◆ What you should do ◆
Look through the material below and copy exactly the lines from the line with "Men's Leather Motorcycle" to the line with "Filson's 48-Hour Duffle", those two lines included.

◆ Source material ◆
———

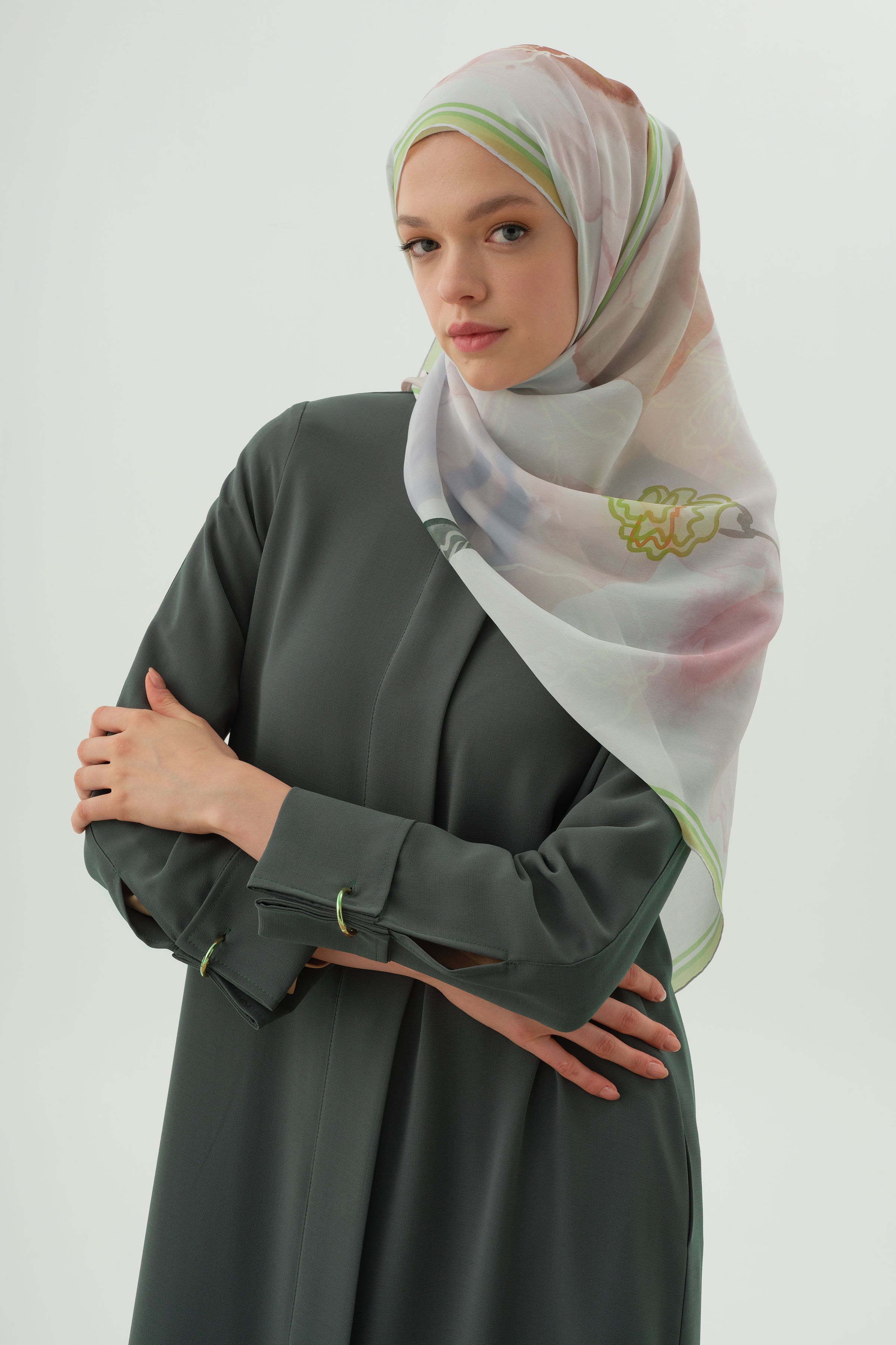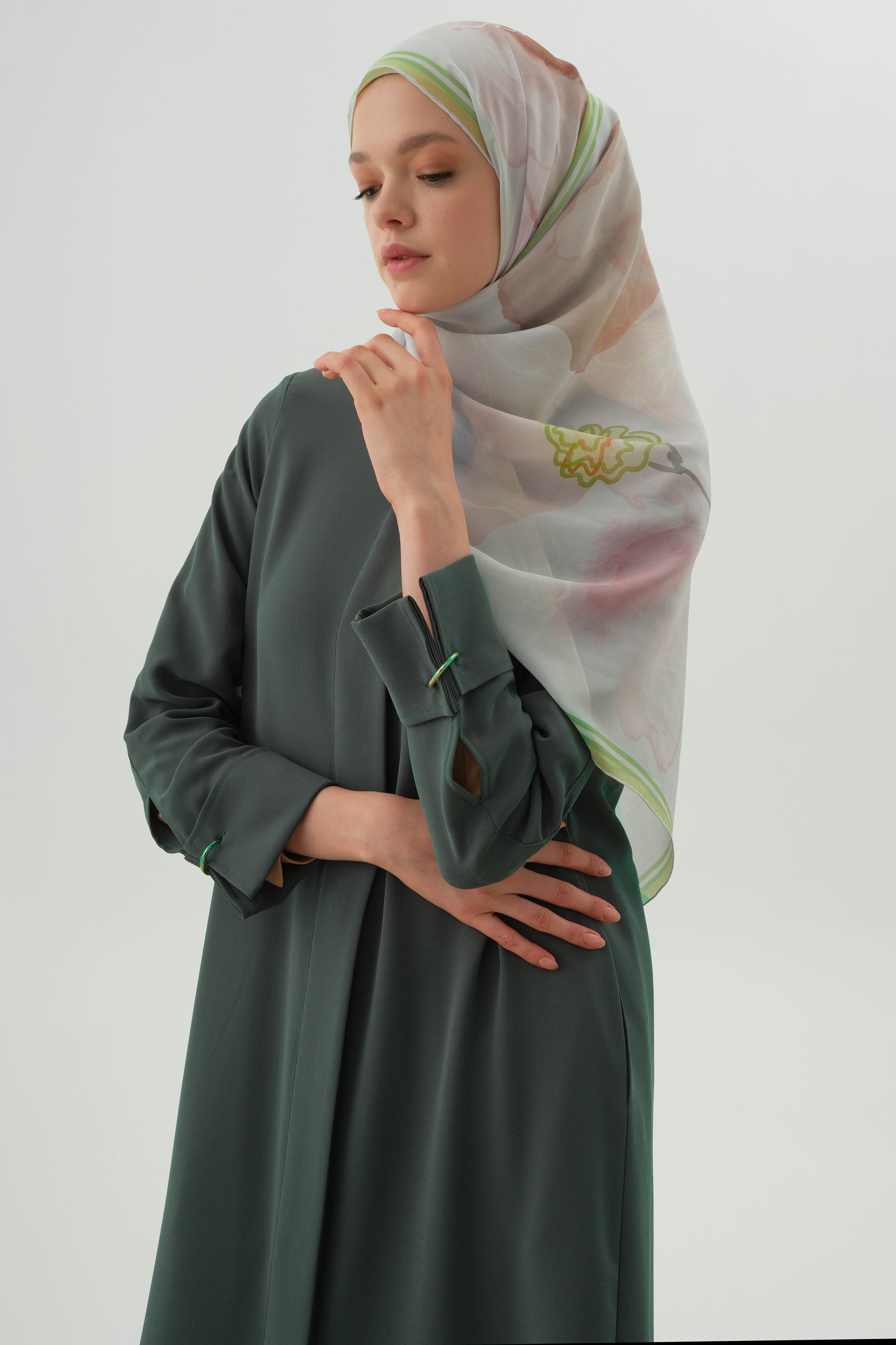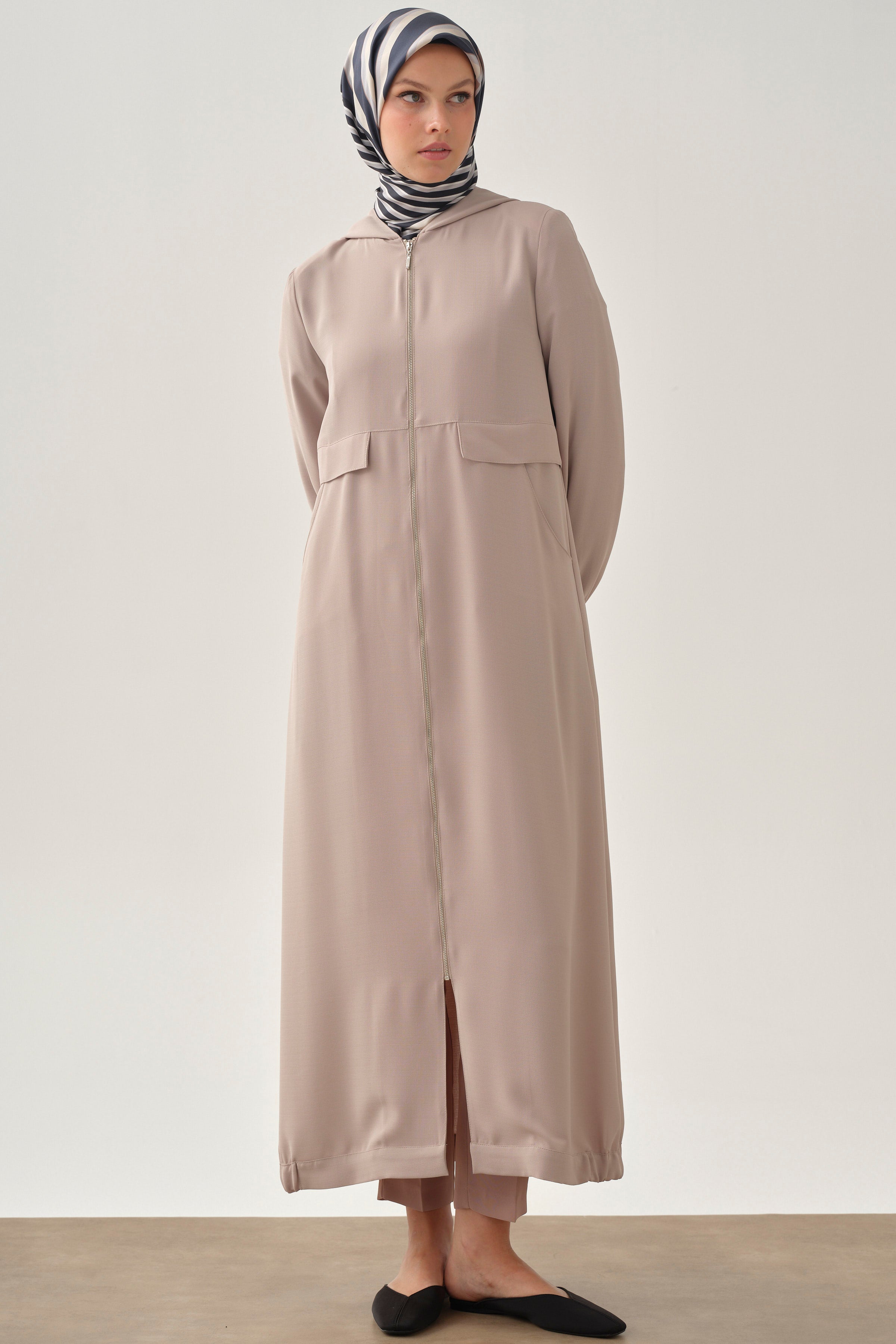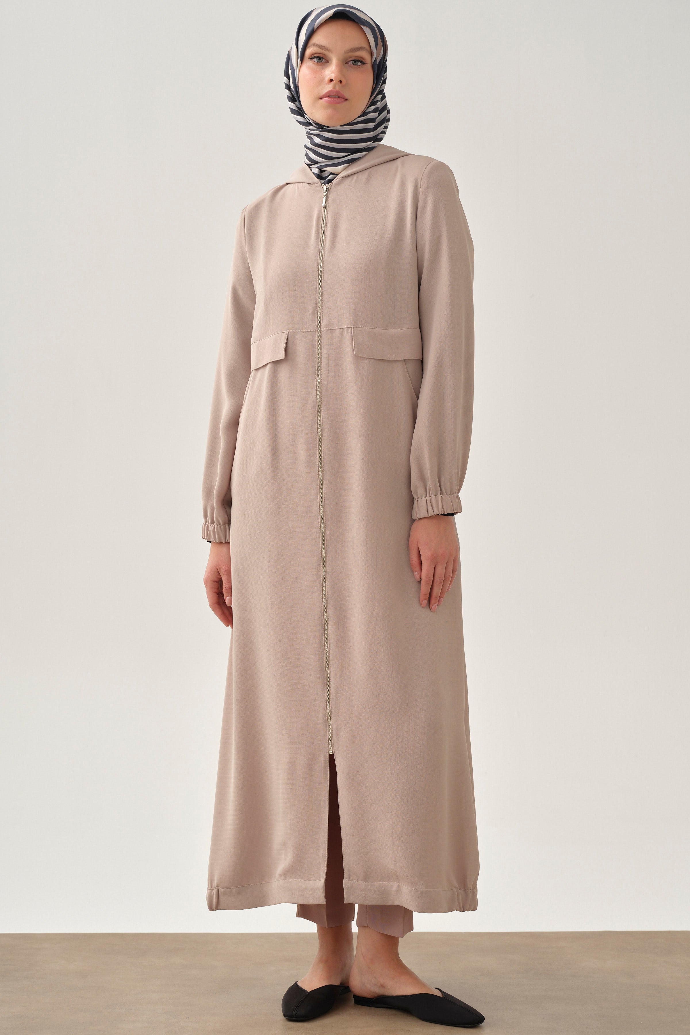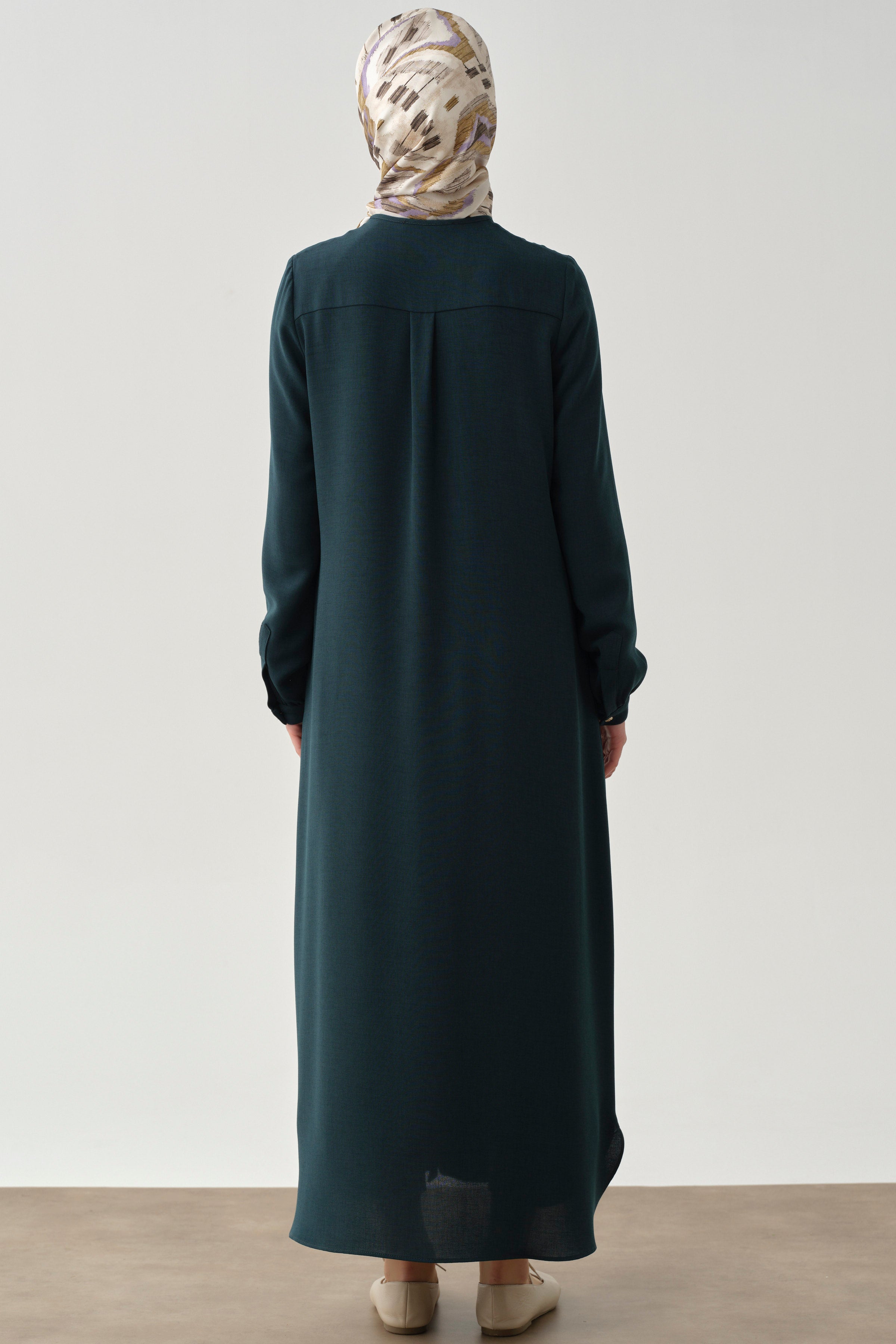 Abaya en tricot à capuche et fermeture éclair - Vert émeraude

———

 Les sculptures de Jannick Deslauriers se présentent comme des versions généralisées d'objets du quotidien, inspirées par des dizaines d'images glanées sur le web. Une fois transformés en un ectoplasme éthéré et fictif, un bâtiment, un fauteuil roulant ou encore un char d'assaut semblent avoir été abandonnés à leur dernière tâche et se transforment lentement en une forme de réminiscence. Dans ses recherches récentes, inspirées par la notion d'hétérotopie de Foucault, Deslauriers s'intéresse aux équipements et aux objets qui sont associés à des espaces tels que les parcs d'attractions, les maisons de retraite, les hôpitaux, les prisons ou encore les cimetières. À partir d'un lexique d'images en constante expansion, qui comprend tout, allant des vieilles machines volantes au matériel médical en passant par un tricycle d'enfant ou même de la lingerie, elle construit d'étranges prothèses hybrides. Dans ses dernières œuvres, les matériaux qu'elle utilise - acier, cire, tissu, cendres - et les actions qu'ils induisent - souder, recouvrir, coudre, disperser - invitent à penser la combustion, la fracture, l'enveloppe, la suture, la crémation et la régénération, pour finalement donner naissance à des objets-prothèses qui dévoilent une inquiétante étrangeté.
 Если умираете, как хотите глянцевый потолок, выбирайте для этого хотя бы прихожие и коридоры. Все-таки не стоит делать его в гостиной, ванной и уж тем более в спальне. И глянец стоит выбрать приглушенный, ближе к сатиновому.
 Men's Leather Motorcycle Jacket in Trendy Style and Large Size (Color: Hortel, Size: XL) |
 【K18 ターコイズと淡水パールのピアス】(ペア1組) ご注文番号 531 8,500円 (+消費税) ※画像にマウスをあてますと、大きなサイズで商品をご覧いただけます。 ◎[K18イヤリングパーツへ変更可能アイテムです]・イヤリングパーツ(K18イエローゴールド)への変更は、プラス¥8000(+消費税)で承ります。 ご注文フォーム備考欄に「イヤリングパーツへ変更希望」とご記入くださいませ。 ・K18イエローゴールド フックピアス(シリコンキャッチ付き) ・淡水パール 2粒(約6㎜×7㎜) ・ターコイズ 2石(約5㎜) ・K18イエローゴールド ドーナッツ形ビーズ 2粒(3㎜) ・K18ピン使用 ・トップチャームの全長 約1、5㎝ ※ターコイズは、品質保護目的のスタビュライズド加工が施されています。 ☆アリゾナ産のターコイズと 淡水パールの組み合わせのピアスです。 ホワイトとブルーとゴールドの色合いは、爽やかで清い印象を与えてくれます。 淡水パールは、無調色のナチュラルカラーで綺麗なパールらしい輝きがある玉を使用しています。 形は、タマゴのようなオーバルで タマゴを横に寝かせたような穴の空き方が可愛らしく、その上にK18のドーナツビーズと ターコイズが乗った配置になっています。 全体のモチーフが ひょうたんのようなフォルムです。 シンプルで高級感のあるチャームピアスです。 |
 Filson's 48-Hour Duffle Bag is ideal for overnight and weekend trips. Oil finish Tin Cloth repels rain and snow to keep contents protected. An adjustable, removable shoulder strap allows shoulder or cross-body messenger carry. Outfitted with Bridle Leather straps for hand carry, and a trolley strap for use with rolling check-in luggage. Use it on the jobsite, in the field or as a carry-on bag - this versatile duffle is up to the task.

———

◆ Response to the task ◆
 Men's Leather Motorcycle Jacket in Trendy Style and Large Size (Color: Hortel, Size: XL) |
 【K18 ターコイズと淡水パールのピアス】(ペア1組) ご注文番号 531 8,500円 (+消費税) ※画像にマウスをあてますと、大きなサイズで商品をご覧いただけます。 ◎[K18イヤリングパーツへ変更可能アイテムです]・イヤリングパーツ(K18イエローゴールド)への変更は、プラス¥8000(+消費税)で承ります。 ご注文フォーム備考欄に「イヤリングパーツへ変更希望」とご記入くださいませ。 ・K18イエローゴールド フックピアス(シリコンキャッチ付き) ・淡水パール 2粒(約6㎜×7㎜) ・ターコイズ 2石(約5㎜) ・K18イエローゴールド ドーナッツ形ビーズ 2粒(3㎜) ・K18ピン使用 ・トップチャームの全長 約1、5㎝ ※ターコイズは、品質保護目的のスタビュライズド加工が施されています。 ☆アリゾナ産のターコイズと 淡水パールの組み合わせのピアスです。 ホワイトとブルーとゴールドの色合いは、爽やかで清い印象を与えてくれます。 淡水パールは、無調色のナチュラルカラーで綺麗なパールらしい輝きがある玉を使用しています。 形は、タマゴのようなオーバルで タマゴを横に寝かせたような穴の空き方が可愛らしく、その上にK18のドーナツビーズと ターコイズが乗った配置になっています。 全体のモチーフが ひょうたんのようなフォルムです。 シンプルで高級感のあるチャームピアスです。 |
 Filson's 48-Hour Duffle Bag is ideal for overnight and weekend trips. Oil finish Tin Cloth repels rain and snow to keep contents protected. An adjustable, removable shoulder strap allows shoulder or cross-body messenger carry. Outfitted with Bridle Leather straps for hand carry, and a trolley strap for use with rolling check-in luggage. Use it on the jobsite, in the field or as a carry-on bag - this versatile duffle is up to the task.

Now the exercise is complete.